A Ballarat teacher is celebrating the achievement of a lifetime’s dream with the release of her first children’s book.
Jodi Toering, who has worked at Forest Street Primary School in Wendouree for the past 10 years, will launch her debut Mallee Sky this Thursday (February 14).
The book, a beautifully illustrated, timely account of the effects of drought on a community, took seven years to reach bookstore shelves.
It has just been launched by Black Dog Books, an imprint of the major children’s publisher Walker.
Ms Toering, who lives on a bush block near Creswick, said: “I haven’t really pushed [to publish the book] actually. I wrote Mallee Sky but I didn’t really have any confidence in terms of sending off my books to anybody.”
Encouraged by feedback after sending the manuscript to writing contests, Ms Toering says she “went off and worked on it more and more and more” and picked up second prize in the Writers’ Unleashed competition.
“That gave me the confidence to say, ‘right, I can actually send this out to a publisher, I might have a chance here,’” she told The Courier.
Ms Toering, 44, also won the 2015 Edel Wignell Mentorship from the Australian Society of Authors, which gave her more help getting her story published. She signed a book deal in 2016, but it was another three years until the book was ready to hit the shelves.
“I am just super, super lucky it’s been brought to life so beautifully by Tannya Harricks and her illustrations,” said Ms Toering.
“Every single illustration is actually an artwork in its own right.”
The author and illustrator will meet for the first time at the launch in Ms Toering’s hometown Hopetoun – which is also the setting for the book – in north-western Victoria.
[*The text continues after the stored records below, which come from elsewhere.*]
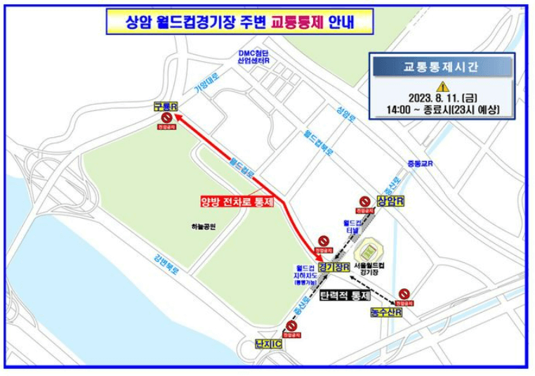 서울경찰청은 "11일 오후 7시부터 오후 9시까지 교통 혼잡 완화 및 주차공간 확보를 위해 세계스카우트 잼버리 'K-POP' 콘서트 행사장 주변 도로의 일반차량 진입을 통제할 것"이라고 10일에 밝혔습니다. 교통통제 시간은 행사 당일 오후 2시부터 행사 종료 시까지이며, 경찰은 오후 11시경 콘서트가 끝날 것으로 예상하고 있습니다. 경찰은 구룡교차로에서 월드컵경기장교차로를 양방향으로 차량진입을 제한하며, 경기장교차로에서는 농수산교차로, 난지 IC 및 상암교차로를 교통량에 따라 유연하게 통제할 예정입니다. 또한 강변북로를 진출입하는 차량은 월드컵지하차도로를 통행시킬 예정입니다. 경찰 관계자는 "교통혼잡으로 인한 시민의 불편을 최소화하기 위해 행사장 주변에 교통경찰 약 300명을 배치하고 교통안내 표지판 등을 설치하여 원격 차량 우회 안내 등 교통소통 관리를 할 예정"이라며 대중교통 이용을 권장하였습니다.
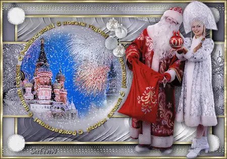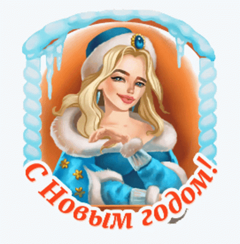 Festive Snegurochka sticker wishing a Happy New Year, featuring a blonde woman in a blue and white snow costume.
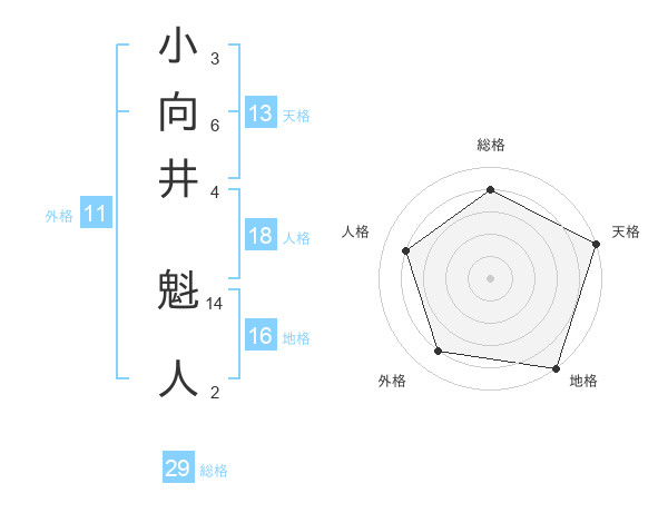 小向井 魁人さんの総格は29画の4点!
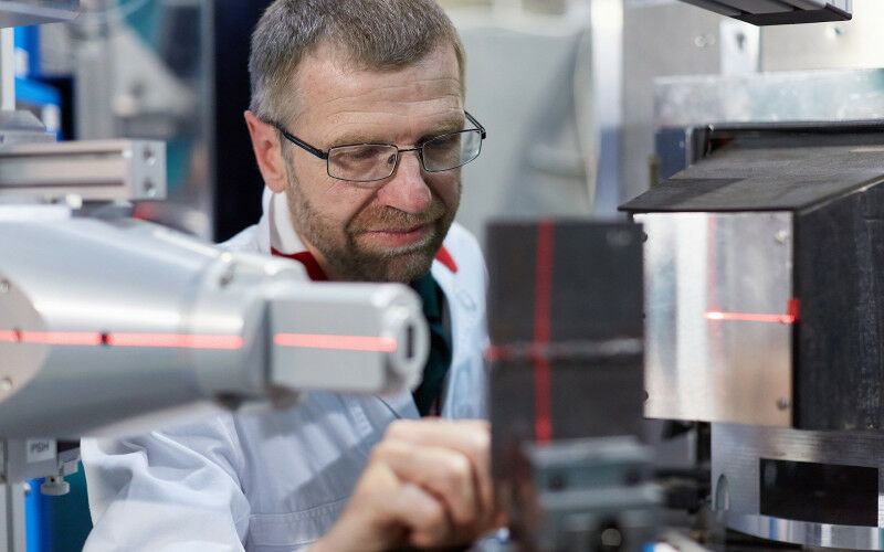 Dr. Michael Hofmann adjusts a sample on the STRESS-SPEC neutron diffractometer. With the help of the sensitive measuring instrument, the researchers were also able to detect the crystal structure of carbonic acid.
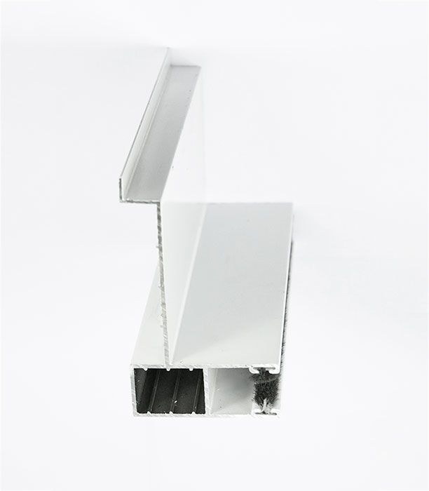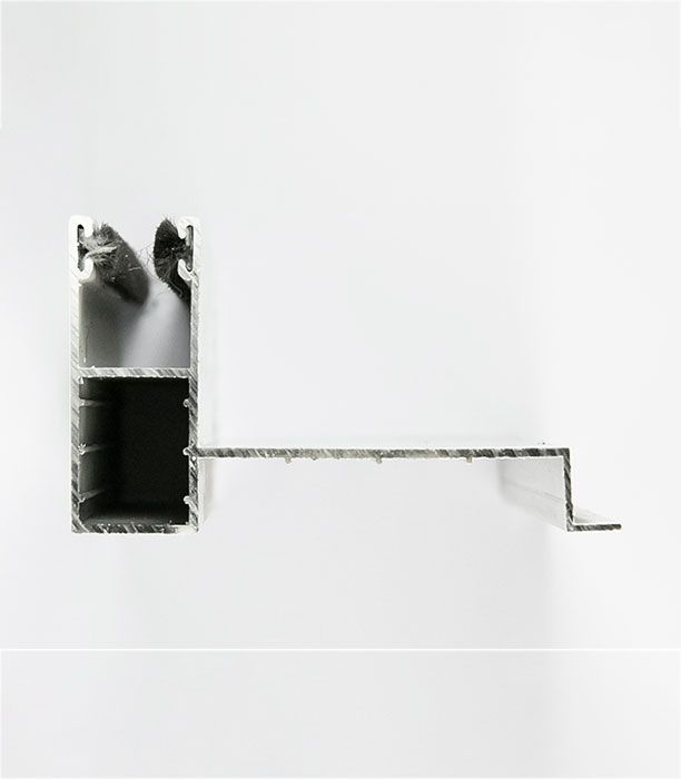 The aluminum guide laquered in white is necessary when substituting the blind’s PVC slats for aluminum ones. The guide includes blind’s mat and is introduced inside the galvanized guide installed in the original construction. Model with 84cm long wing situated in the lower box.
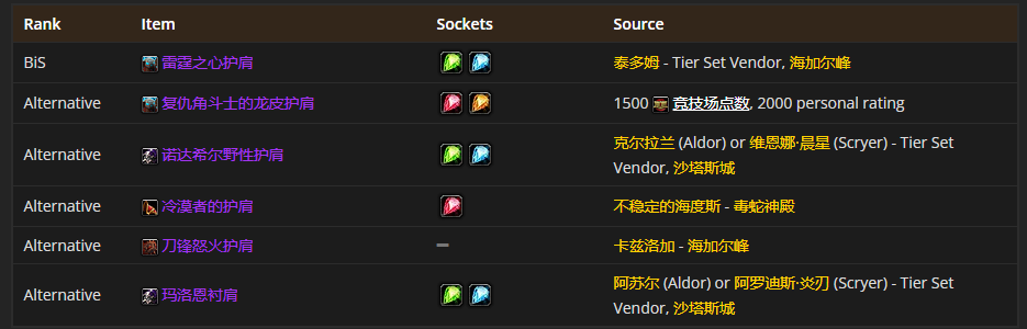 肩部装备首选雷霆之心护肩
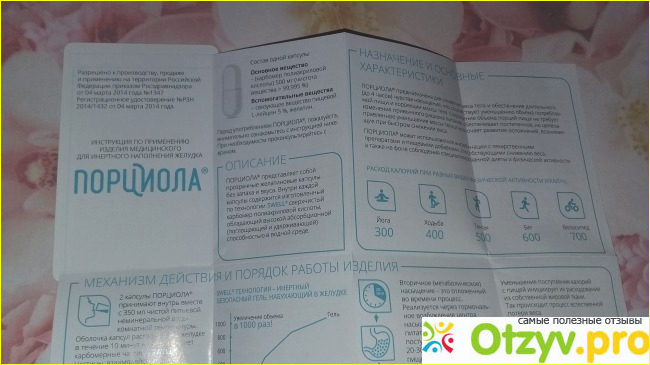 Принцип действия этих капсул в том, что частично заполняя желудок, они не позволяют много съесть. Для этого, нужно выпить две капсулы порциолы и запить большим стаканом воды.
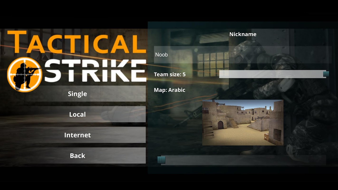 Tactical Strike - шутер от первого лица c различными игровыми картами. Игра поддерживает соло или командный режим игры.
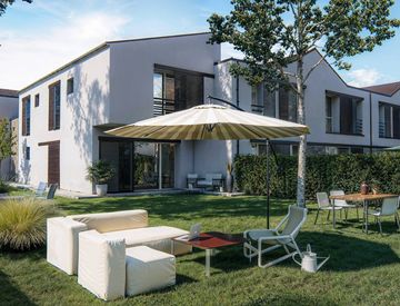 In questo contesto esclusivo proponiamo in vendita villa a schiera di nuova costruzione con ingresso indipendente, garage e giardino privato di 410 mq, una metratura rara per le nuove costruzioni.

Ms Toering also plans to use her own book in her work as a literacy coach, which she has been doing for the past 22 years in Ballarat. The book’s themes would be relevant to her students, she said.
“This is really a book about Australia. Even though it is set in the Mallee and it’s called Mallee Sky, in essence it’s about drought, which affects every part of Australia, it’s about climate change, it’s about farming and small towns and the impact that drought has on them.
My children have been so supportive. They have been there from day one. I have used them as my guinea pigs to gauge whether it’s good or notJodi Toering
“It really does belong to anyone in Australia. I’ve always thought the main character of the book is actually the land itself.”
So far, the reception has been very positive. A preview on the publishing industry website Books+Publishing website says: “The Australia of Mallee Sky is a familiar one: wide, red-brown, drought-stricken, unforgiving, yet strikingly beautiful – but never a cliche.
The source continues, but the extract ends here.